John Andrew Thompson, Randolph, for plaintiffs, appellees.
Before CAMPBELL, Chief Judge, BREYER and SELYA, Circuit Judges.
Four multiemployer pension plans ("the Plans"), invoking the legal authority of the Employee Retirement Income Security Act ("ERISA"), 29 U.S.C. Secs. 1001-1461 (1982), sued the Starrett Paving Corporation and its owner, Peter Starrett, seeking contributions the corporation had promised, but failed, to make. 29 U.S.C. Sec. 1145. The corporation went bankrupt; the district court said that Peter Starrett, the corporation's president and sole shareholder, must himself make the payments.
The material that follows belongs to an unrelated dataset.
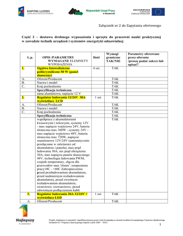 Załącznik nr 2 do Zapytania ofertowego Część 2 – dostawa drobnego wyposażenia i sprzętu do pracowni nauki praktycznej w zawodzie technik urządzeń i systemów energetyki odnawialnej L.p. 1. A. B. C. 2. A. B. C. 3. A. OPIS /PARAMETRY WYMAGANE ELEMNETY WYPOSAŻENIA Ogniwo fotowoltaiczne polikrystaliczne 50 W (panel słoneczny) Oferent/Producent Nazwa i model Kraj pochodzenia Specyfikacja techniczna rama aluminiowa, napięcie 12 V Regulator ładowania 12/24V 30A wyświetlacz LCD Oferent/Producent Nazwa i model Kraj pochodzenia Specyfikacja techniczna współpraca z akumulatorami kwasowymi i żelowymi, systemy 12V - max napięcie wejściowe 24V, bateria słoneczna max 360W ; systemy 24V max napięcie wejściowe 48V, bateria słoneczna max 720W, napięcie znamionowe 12V/24V (automatycznie przełączane w zależności od akumulatora i panela), max prąd ładowania 30A, mx prąd obciążenia 30A, max napięcie panela słonecznego 48V, technologia ładowania PWM, czujnik temperatury, złącza dla przewodów max 16mm2, temperatura pracy10C - +60C Zabezpieczenia: przed przeładowaniem akumulatora, przed nadmiernym rozładowaniem akumulatora, przed zwrotnym rozładowaniem akumulatora, zwarciowe, rozwarciowe, przed odwrotnym podłączeniem kabli Regulator ładowania 20A 12/24V + wyświetlacz LED Oferent/Producent Ilość 4 szt. 1 szt. Wymogi graniczne TAK/NIE Parametry oferowane przez oferenta /proszę podać zakres lub opisać? TAK TAK TAK TAK TAK TAK TAK TAK TAK TAK TAK TAK 1 szt. TAK TAK 1 B. C. 4. A. B. C. 5. A. B. C. Nazwa i model Kraj pochodzenia Specyfikacja techniczna do systemów 12V oraz 24V (automatyczne rozpoznawania), możliwość ładowania dwóch akumulatorów o różnej pojemności (tego samego typu), opcja priorytetu ładowania - wybór ile procent mocy regulator ma skierować do danego akumulatora, wyświetlacz LCD, możliwość wyboru typu akumulatora (żelowy, szczelny, z płynnym elektrolitem), kompensacja temperaturowa, wbudowane zabezpieczenia przed przeładowaniem, przeciążeniem, zwarciem, przeznaczony do niewielkich systemów solarnych o mocy do 340W (12V) lub 680W (24V) Maksymalny prąd 20A Zakres temperatur pracy 35℃ do +55℃ Zabezpieczenia: temperaturowe, przed przeładowaniem przeciwzwarciowe, przed odwróconą 1 szt. Regulator elektrowni wiatrowej sterownik Oferent/Producent Nazwa i model Kraj pochodzenia Specyfikacja techniczna wyświetlacz lcd zasilanie sterownika 12VDC (zakres 10-15VDC), wejście maksymalnie 30VDC, maksymalne obciążenie 30A 30V, obciążenie przekaźników remote, przetwornica i obroty max 2A 230V, wyświetlacz lcd z podświetleniem, menu w języku polskim temperatura pracy 0 do +30C 2 szt. Przetwornica (inwentor) 1300/2000W 12V Oferent/Producent Nazwa i model Kraj pochodzenia Specyfikacja techniczna Zakres napięcia wejściowego: 11-15 VDC Prąd bez obciążenia: < 300mA , moc ciągła do: 1300W, moc chwilowa (impuls): 2000W , napięcie wyjściowe: 220V-240V, częstotliwość: 50Hz±0.5, sprawność TAK TAK TAK TAK TAK TAK TAK TAK TAK TAK TAK TAK TAK TAK TAK 2 6. A. B. C. 7. A. B. C. 8. A. B. C. 9. A. B. C. 10. A. B. C. min 82%, zabezpieczenie przeciążeniowe,· Zabezpieczenie przed zwarciem: (automatyczne wyłączenie) zabezpieczenie przed zbyt niskim napięciem Akumulator żelowy do systemów solarnych pojemność min 26Ah Oferent/Producent Nazwa i model Kraj pochodzenia Specyfikacja techniczna Akumulator żelowy do systemów solarnych pojemność min 33Ah Oferent/Producent Nazwa i model Kraj pochodzenia Specyfikacja techniczna Sterownik trakera Oferent/Producent Nazwa i model Kraj pochodzenia Specyfikacja techniczna do śledzenia słońca w osi w-z zasilanie sterownika 12VDC (1113VDC), pobór prądu w stanie czuwania do 20mA, a w stanie załączonego przekaźnika do 100mA, zasilanie siłowników maksymalnie 50V 4A, hermetyczna obudowa, możliwość kalibracji Siłownik liniowy elektryczny 200mm 12V Oferent/Producent Nazwa i model Kraj pochodzenia Specyfikacja techniczna moc silnika min 50W, prędkość wysuwu min 7,5mm/s, wyłąccnik krańcowy wewnętrzny, obciążenie min 300kg temperatura pracy min 2565 0 Siłownik liniowy elektryczny 460mm 12V Oferent/Producent Nazwa i model Kraj pochodzenia Specyfikacja techniczna 2 szt. TAK TAK TAK TAK TAK 2 szt. TAK TAK TAK TAK TAK 1 szt. TAK TAK TAK TAK TAK 2 szt. TAK TAK TAK TAK TAK 2 szt. TAK TAK TAK TAK 3 11. A. B. C. 12. A. B. C. 13. A. B. C. 14. A. B. C. 15. A. B. C. 16. A. B. C. 17. moc silnika min 50W, prędkość wysuwu min 7,5mm/s, wyłąccnik krańcowy wewnętrzny, obciążenie min 300kg temperatura pracy min 2565 0 Kaseton reklamowy jednostronny led Oferent/Producent Nazwa i model Kraj pochodzenia Specyfikacja techniczna Wymiary 100x50mm z logo (zgodnie z projektem uzgodnionym z Zamawiającym ) z czujnikiem zmierzchu do kasetonu Kabel solarny czerwony BCSUN PV1-F 50 mb Oferent/Producent Nazwa i model Kraj pochodzenia Specyfikacja techniczna średnica 4mm2 Wtyki przyłączeniowe MC4 kpl Oferent/Producent Nazwa i model Kraj pochodzenia Specyfikacja techniczna do 4mm2 Wtyki przyłączeniowe do łączenia równoległego MC4 męski Oferent/Producent Nazwa i model Kraj pochodzenia Specyfikacja techniczna do 4mm2 Wtyki przyłączeniowe do łączenia równoległego MC4 żeński Oferent/Producent Nazwa i model Kraj pochodzenia Specyfikacja techniczna do 4mm2 Kabel solarny czarny 4mm BCSUN PV1-F 50 mb Oferent/Producent Nazwa i model Kraj pochodzenia Specyfikacja techniczna średnica 4mm2 Oświetlacz zewnętrzny LED 50W TAK 1 szt. TAK TAK TAK TAK TAK 1 szt. TAK TAK TAK TAK TAK 12 szt. TAK TAK TAK TAK TAK 12 szt. TAK TAK TAK TAK TAK 12 szt. TAK TAK TAK TAK TAK 1 szt. TAK TAK TAK TAK TAK 5 szt. 4 A. B. C. 18. A. B. C. 19. A. B. C. 20. A. B. C. 21. A. B. C. 12V Oferent/Producent Nazwa i model Kraj pochodzenia Specyfikacja techniczna Matryca diodowa o mocy 20W Jasność: 1550 - 1650 lm, Napięcie zasilania: 12V DC, barwa światła: zimno biała (5000-6000K), obudowa metalowa kolor czarny Ster

Peter Starrett now appeals, claiming (among other things) that, even assuming ERISA requires his company to make the pension payments, it does not require him to do so. We agree with Starrett that the relevant language of ERISA does not impose an obligation upon him to make the payments his company owed.
Among other things, ERISA imposes upon employers who promise to contribute to an employee pension plan, a federal obligation to make those contributions. It thereby offers federal court remedies, along with court costs, attorney's fees, and liquidated damages or interest, to those who seek to collect delinquent contributions. 29 U.S.C. Sec. 1132(g)(2). The ERISA language that creates the federal obligation reads as follows:
Every employer who is obligated to make contributions to a multiemployer plan ... shall ... make such contributions in accordance with the terms and conditions of such plan or such agreement.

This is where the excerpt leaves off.